“The flip-flops?” Sam guessed.
“I want to burn them,” Sarah said darkly. “Except then the house would smell like burning plastic and he’d probably just buy new ones.”
“Could it be related to money?” asked Sam.
Sarah shook her head. “I checked. Everything’s where it’s supposed to be. He hasn’t taken anything out of our savings, or our retirement funds.” She raised her shoulders in a helpless-looking shrug. “I don’t know. Maybe it’s online gambling. Or porn.”
“Watching it or making it?” Sam asked.
Sarah gave a startled bark of laughter. “Good God. Because people are lining up to watch middle-aged periodontists have sex. That would be a very niche market, am I right?”
“You’d be surprised,” mumbled Sam.
Sarah gave him an imploring look. “I thought—I don’t know—maybe he’d talk to you.”
“I’ll try,” Sam said. “It’s, what, five weeks until the wedding? I’ll see him in person and ask what’s going on.”
“Thank you,” Sarah said, her voice pitched low. “It’s been…” She bent her head. Sam saw her swipe her eyes, and could barely hear her when she said, “I’ve been trying to decide if I should just ask him to move out.”

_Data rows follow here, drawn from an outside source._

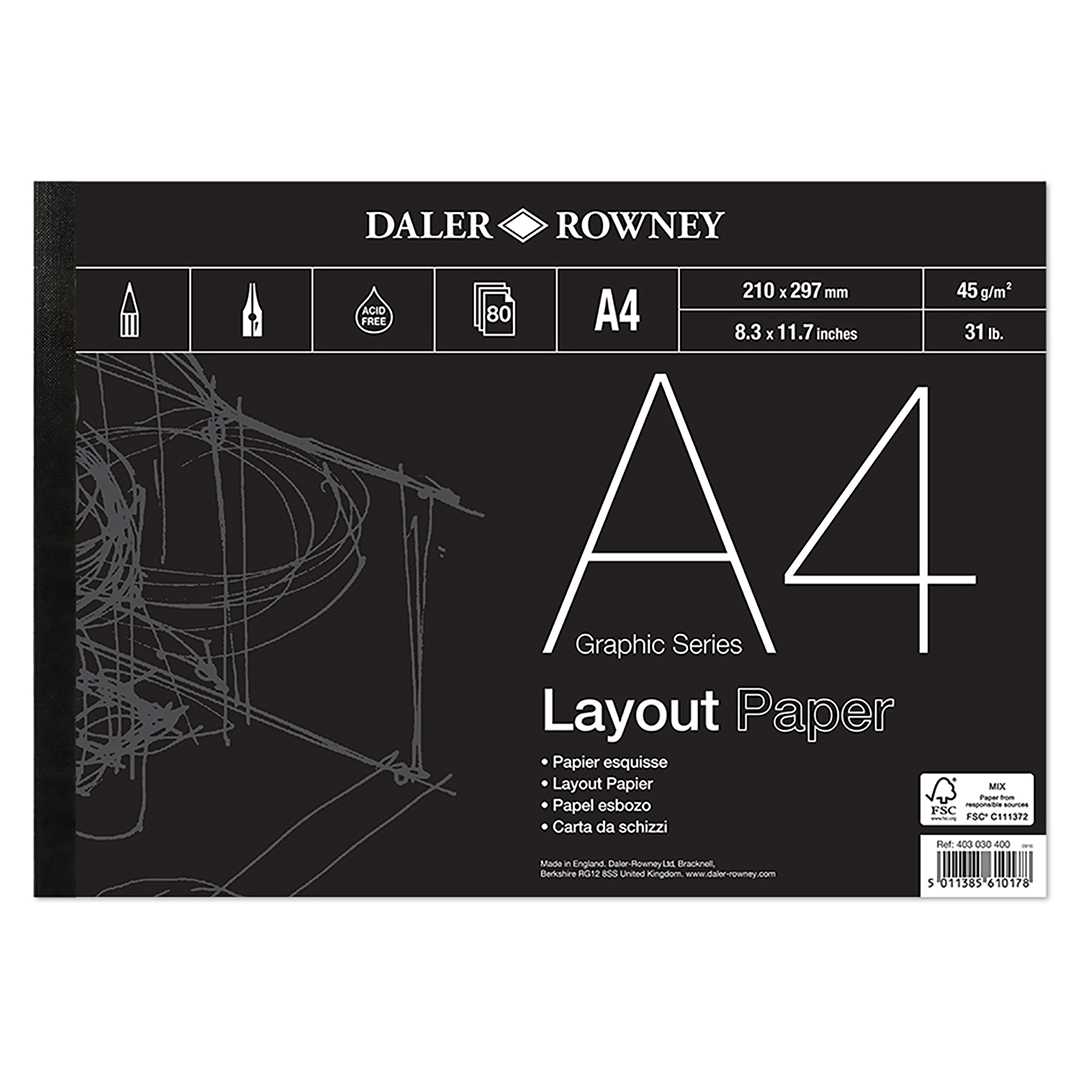 The pad contains 80 sheets and is glued on the short edge for easy handling and a stable working surface, suitable for both students and professional creatives.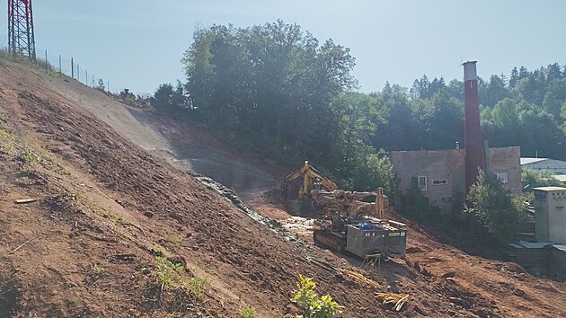 Bagry pracují na odkrytí budoucího portálu tunelu, který bude ústit u nynější silnice mezi Dolní Radechovou a Náchodem. (15. srpna 2025)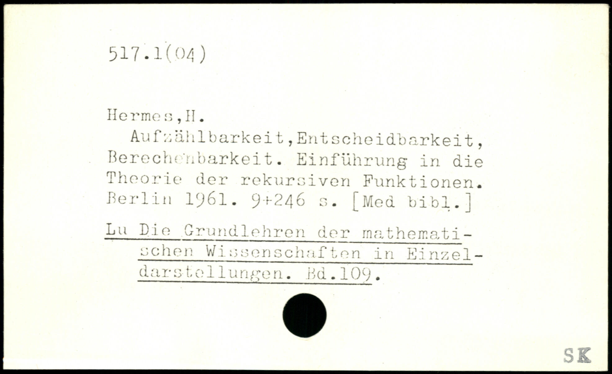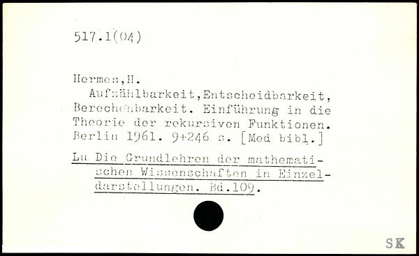 Herme r,, II. AufZählbarkeit,Entseheidbarkeit, Berechenbarkeit. Einführung in die Theorie der rekursiven Funktionen.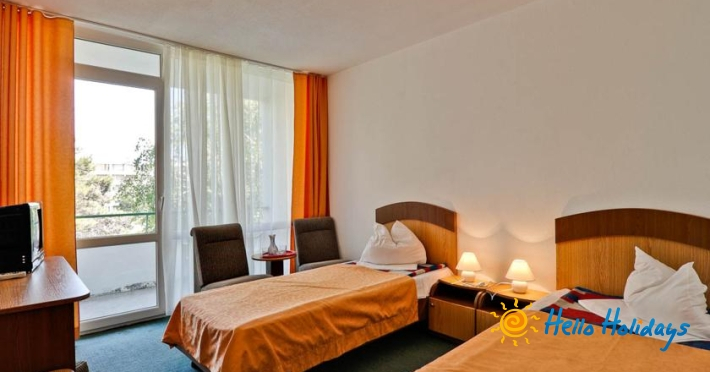 Camerele sunt dotate cu baie proprie cu dus, tv, minibar, telefon, AC, balcon exceptand camerele de la parter.

Sam felt his face sag in surprise. Sarah and Eli’s marriage had always felt as reliable as anything he could imagine; as solid as their own parents’ union had been. “It’s that bad?”
Sarah nodded sadly. “Something’s got to change. Eli knows he’s been awful, and he won’t tell me why. He told me he won’t even talk about it until after the wedding, and I agreed. I thought maybe he was asking me for time because he wanted to fix whatever’s going on. Or end it. Whatever ‘it’ is.” She raised her hands, then let them fall into her lap. “The whole time we were dating, he made me feel like I was the most important person in the world. And now it’s like he can’t even see me. If I walk into a room, he walks out of it. If I cook dinner, he chews it like it’s cardboard. I can’t remember the last time he gave me a compliment, or looked at me like I mattered to him.”
“Ouch,” Sam murmured. He knew, maybe better than anyone, that Sarah needed to be seen. She was like their mother that way, comfortable at the head of a classroom, or onstage, performing, drawing from the energy of an audience or the admiration of a partner.
“He barely talks to me. He looks right through me, and he won’t tell me what’s going on, or why he’s acting this way, and I have no idea how to help him, and…” Sarah closed her mouth and raised her chin. “I don’t want the boys thinking that this is what marriage is supposed to be. Or Ruby, either, for that matter. I don’t want any of them believing that a husband, or a wife, can just check out emotionally, and the other person just endures it.”
Sam nodded. “I’m sorry,” he said.
Sarah sniffled. “I wish you were still here.”
“I’ll see you soon,” he promised. He told her to call him if she needed him, and that he’d do his best to talk to Eli, and ended the call feeling sorry for his sister, puzzled about his brother-in-law and glad, again, that she hadn’t asked him about his plans, or how he was doing, or if there was anything new in his life.
* * *
After Saul Barringer delivered his ultimatum, and Sam had cleared it with Connor’s father. (“Yeah, sure, man, whatever works,” Jason said, after Sam made his pitch. “I mean, I’d take him, but they say that the road ain’t no place to start a family, right?”) Sam had packed them up and brought Connor to New York for the summer.
Sarah and Eli had welcomed Sam, and their sons had been thrilled to have Connor staying in their house. Dexter was almost seven, and Miles was five, and Connor fit neatly into the boy-pack, a loyal (and extremely tractable) car in what his sister sometimes called the Testosterone Train. “I am going to pretend they’re my big brothers,” Connor told Sam, with a delighted expression on his usually somber face, and Sam felt his own heart lifting. He might have screwed up any number of things in his life, but at least he didn’t need to second-guess his choice to get Connor away from his grandfather.
Sam rented a desk in one of the neighborhood’s many shared workspaces and tried to re-gather the strands of his professional life. Every morning, he and his sister would drop the boys off at the day camp they attended. Then Sarah would take the subway to the music school, and Sam would head to his temporary office, ending his day in time to pick up the boys and escort them all back to Sarah’s for a snack. The boys would play or read until dinner. Sam would help with the cooking, and Connor and his cousins would set the table (“Dexter only gets to do the silverware because he always drops the plates,” Sam overheard Miles telling Connor), and they’d go around the table with Sarah and Eli asking each of the boys about the best and worst part of their day.